The beauty of Take-Out Wedge lies in how much spatial variety comes from such a simple geometric move. The wedge form allows designers and users to create soft arcs, faceted curves, radial clusters, and enclosed hexagonal hubs. A few units can support a small conversation. More pieces can shape a larger social zone. Arranged differently, the same system can feel open, intimate, directional, playful, or communal.
This is where Take-Out begins to feel less like standalone furniture and more like a framework for outdoor life. It does not need walls to define space. It can frame a pause point, activate an overlooked corner, shape a gathering area, or bring rhythm to an open setting. Placed side by side, the pieces can create long runs of seating for meals, meetings, or collaborative work. In a grid, they can give an outdoor area the energy of a café. Face to face, they become an expandable communal table.
The system also understands that flexibility has to work in real life. Color-matched connector brackets can secure adjoining units when a more permanent arrangement is needed. One-sided tables help make better use of edges, walls, or tighter spaces. An umbrella-hole tabletop option brings shade into the setup, with semi-circular cutouts that align when two units are placed across from each other. These details make the collection feel practical without taking away from its visual simplicity.


Comfort is handled with the same restraint. The form is minimal, but not cold. Gently curved edges soften the points where elbows and knees meet the furniture. Users can enter from either side or from behind, avoiding the awkwardness that often comes with shared outdoor tables. Sheet metal tops, extruded aluminum verticals, powdercoated finishes, and durable nylon glides support the realities of public use, where furniture has to withstand weather, movement, cleaning, and constant rearrangement.
Take-Out also feels relevant because public and commercial spaces are being asked to do more. A campus lawn may need to support outdoor study in the morning, lunch in the afternoon, and casual hangouts by evening. A workplace terrace might shift between focused solitude and team conversation. A commercial plaza may need to feel active without becoming crowded. Take-Out responds to these changing needs by keeping the space open-ended.


The mini version brings the same thinking into children’s environments, from schoolyards and outdoor classrooms to family-friendly public spaces. It recognizes that younger users also need furniture that encourages gathering, movement, play, and shared experience. Good public furniture should work across ages, settings, and rhythms of use.

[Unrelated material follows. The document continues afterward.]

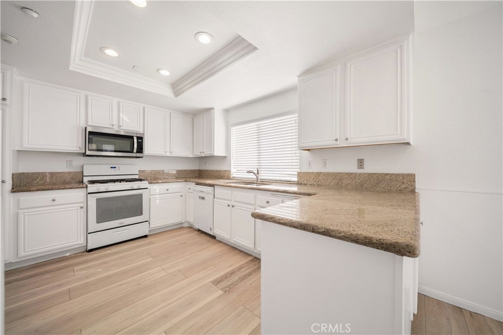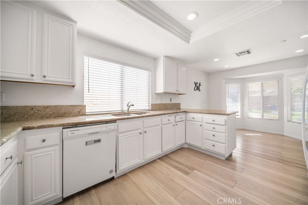 This one story Victorville home is equipped for professional-use cases such as a licensed care facility or daycare and features wide hallways for wheelchair access and handrails in the bathroom. The low-maintenance yard uses desert landscaping to eliminate gardening costs. Inside, you will find vaulted ceilings and new wide-plank flooring throughout. The kitchen features granite counters and a sliding door that opens to a large covered patio and raised garden beds. The versatile layout offers four bedrooms plus a fifth room for a home office. The primary suite includes dual sinks, two walk-in closets, and a separate tub and shower. High-level safety infrastructure is already in place, including a video camera system, interior fire sprinklers, and fire alarms managed per CDPH standards.

What makes the Wedge memorable is that it treats connection as something spatial. The way people sit in relation to one another carries emotional meaning. A small angle can make a space feel more open, more welcoming, or more alive. Public furniture has always had this potential, especially in urban commons where small moments of social life happen between larger routines. A good seating system can make people stay a little longer, notice each other more, and feel more at ease in shared space.

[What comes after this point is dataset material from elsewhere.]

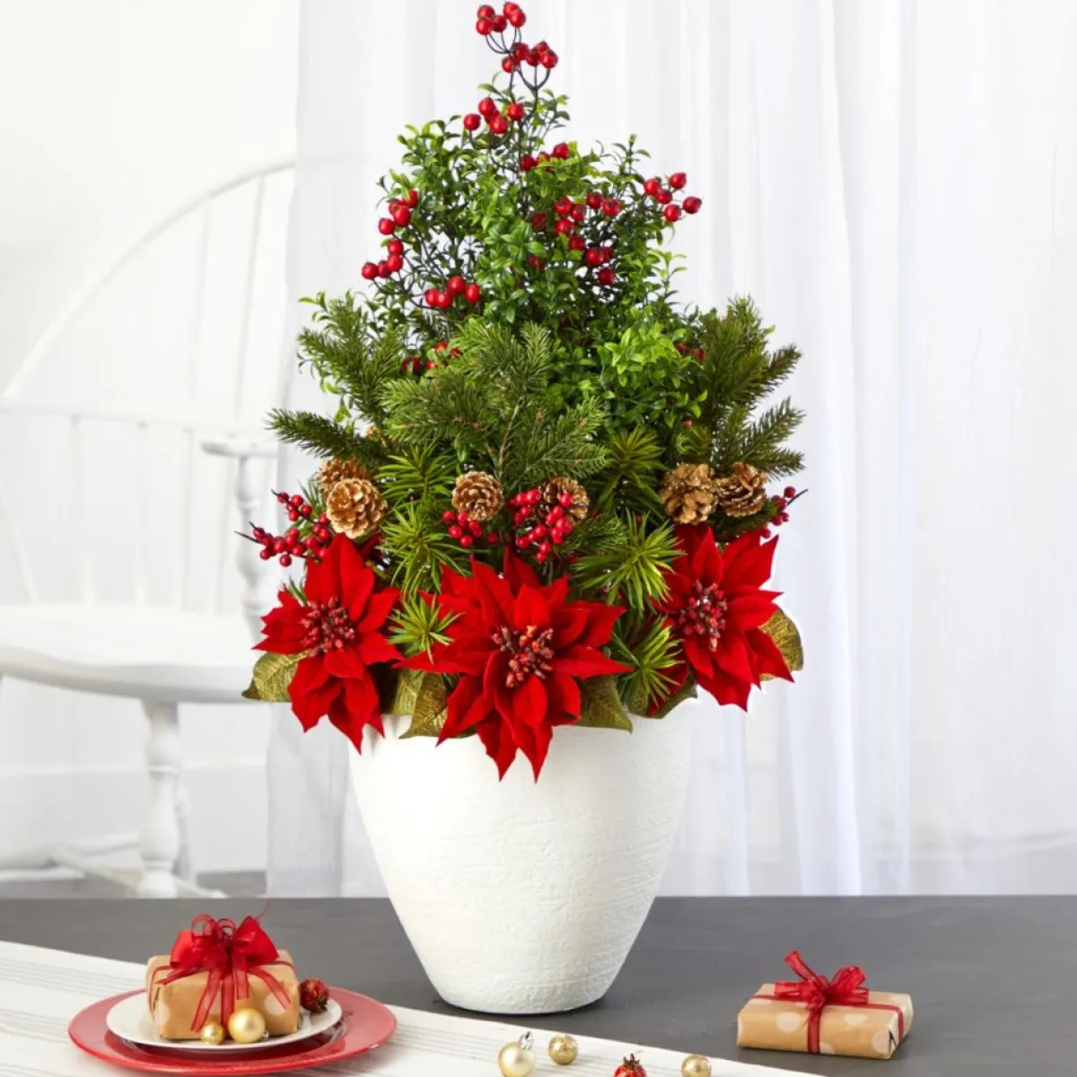 Be the first to review “Nearly Natural 32 In. Poinsettia, Boxwood And Succulent Artificial Arrangement In White Vase Hot” Cancel reply

The same value carries into commercial environments. Offices, mixed-use developments, hospitality spaces, and retail campuses often bring people into proximity without really helping them connect. A system like Take-Out Wedge softens that distance. It creates casual opportunities for people to gather without making the moment feel staged. It helps shared spaces feel warmer, more active, and less siloed.
Take-Out Wedge is versatile because it understands that connection does not happen in one fixed format. Sometimes people want to sit beside each other and look out at the world. Sometimes they want to face each other and talk. Sometimes they need something in between. The Wedge gives form to that in-between moment, turning a simple angle into an invitation to share space more naturally.